Merrill Lynch International ("BofA Securities"), which is authorised by the UK
Prudential Regulatory Authority and regulated by the UK Financial Conduct
Authority and the UK Prudential Regulatory Authority, is acting exclusively
for IDS and for no one else in connection with the matters referred to in this
announcement and will not be responsible to anyone other than IDS for
providing the protections afforded to its clients or for providing advice in
relation to the matters referred to in this announcement.

Goldman Sachs International ("Goldman Sachs"), which is authorised by the
Prudential Regulation Authority and regulated by the Financial Conduct
Authority and the Prudential Regulation Authority in the United Kingdom, is
acting exclusively for IDS and no one else in connection with the matters
referred to in this announcement. Neither Goldman Sachs nor its affiliates,
nor their respective partners, directors, officers, employees or agents, are
responsible to anyone other than IDS for providing the protections afforded to
clients of Goldman Sachs International, or for providing advice in relation to
the matters referred to in this announcement.

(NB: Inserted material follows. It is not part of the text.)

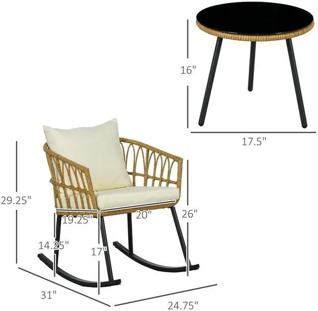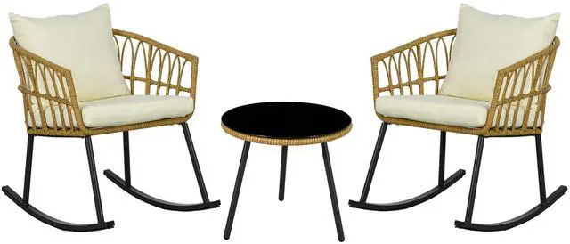 Patio Table: Our patio rocking chairs are paired with an outdoor table to make a complete wicker bistro set. Share a morning coffee or evening drink, read a nice novel, and set your phone down. 5mm thick tempered glass gives it a wipe-clean surface.

BNP Paribas is authorised and regulated by the European Central Bank and the
Autorité de Contrôle Prudentiel et de Résolution. BNP Paribas is authorised
by the Prudential Regulation Authority and is subject to regulation by the
Financial Conduct Authority and limited regulation by the Prudential
Regulation Authority. Details about the extent of BNP Paribas' regulation by
the Prudential Regulation Authority are available from BNP Paribas on request.
BNP Paribas has its registered office at 16 Boulevard des Italiens, 75009
Paris, France and is registered with the Companies Registry of Paris under
number 662 042 449 RCS and has ADEME identification number FR200182_03KLJ. BNP
Paribas London Branch is registered in the UK under number FC13447 and UK
establishment number BR000170, and its UK establishment office address is 10
Harewood Avenue, London NW1 6AA. BNP Paribas is acting as financial adviser
exclusively for EP, J&T and Bidco and no one else in connection with the
matters described in this announcement and will not be responsible to anyone
other than EP, J&T or Bidco for providing the protections afforded to
clients of BNP Paribas or for providing advice in relation to the matters
described in this announcement or any transaction or arrangement referred to
herein.

Citigroup Global Markets Europe AG, which is regulated by the European Central
Bank and the German Federal Financial Supervisory Authority (Bundesanstalt
für Finanzdienstleistungsaufsicht - BaFin) and Bundesbank, ("Citi") is acting
as financial adviser for EP, J&T and Bidco and for no one else in
connection with the matters described in this announcement and the Acquisition
and will not be responsible to anyone other than EP, J&T and Bidco for
providing the protections afforded to clients of Citi nor for providing advice
in connection with the Acquisition, or any other matters referred to in this
announcement. Neither Citi nor any of its affiliates, directors or employees
owes or accepts any duty, liability or responsibility whatsoever (whether
direct or indirect, consequential, whether in contract, in tort, in delict,
under statute or otherwise) to any person who is not a client of Citi in
connection with this announcement, any statement contained herein, the
Acquisition or otherwise.

J.P. Morgan SE, together with its affiliate J.P. Morgan Securities plc, which
conducts its UK investment banking business as J.P. Morgan Cazenove ("J.P.
Morgan Cazenove"), is authorised in the United Kingdom by the PRA and
regulated in the United Kingdom by the PRA and the FCA (together, "J.P.
Morgan"). J.P. Morgan is acting as financial adviser exclusively to EP,
J&T and Bidco and no one else in connection with the Acquisition and will
not regard any other person as its client in relation to the Acquisition and
will not be responsible to anyone other than EP, J&T or Bidco for
providing the protections afforded to clients of J.P. Morgan or its
affiliates, nor for providing advice in relation to the Acquisition or any
other matter or arrangement referred to herein.

Important notices

This announcement is for information purposes only and is not intended to, and
does not, constitute, or form part of, an offer, invitation or the
solicitation of an offer to purchase, otherwise acquire, subscribe for, sell
or otherwise dispose of, any securities or the solicitation of any vote or
approval in any jurisdiction pursuant to the Acquisition or otherwise, nor
shall there be any sale, issuance or transfer of securities of IDS in any
jurisdiction in contravention of applicable law. The Acquisition will be
implemented solely pursuant to the terms of the Offer Document which contains
the full terms and conditions of the Acquisition, including details of how to
accept the Offer. Any decision or response in relation to the Acquisition
should be made only on the basis of the information contained in the Offer
Document.

The release, distribution or publication of this announcement in whole or in
part, directly or indirectly in, into or from jurisdictions outside the United
Kingdom may be restricted by law and therefore persons into whose possession
this announcement comes should inform themselves about, and observe, such
restrictions. Any failure to comply with the restrictions may constitute a
violation of the securities law of any such jurisdiction.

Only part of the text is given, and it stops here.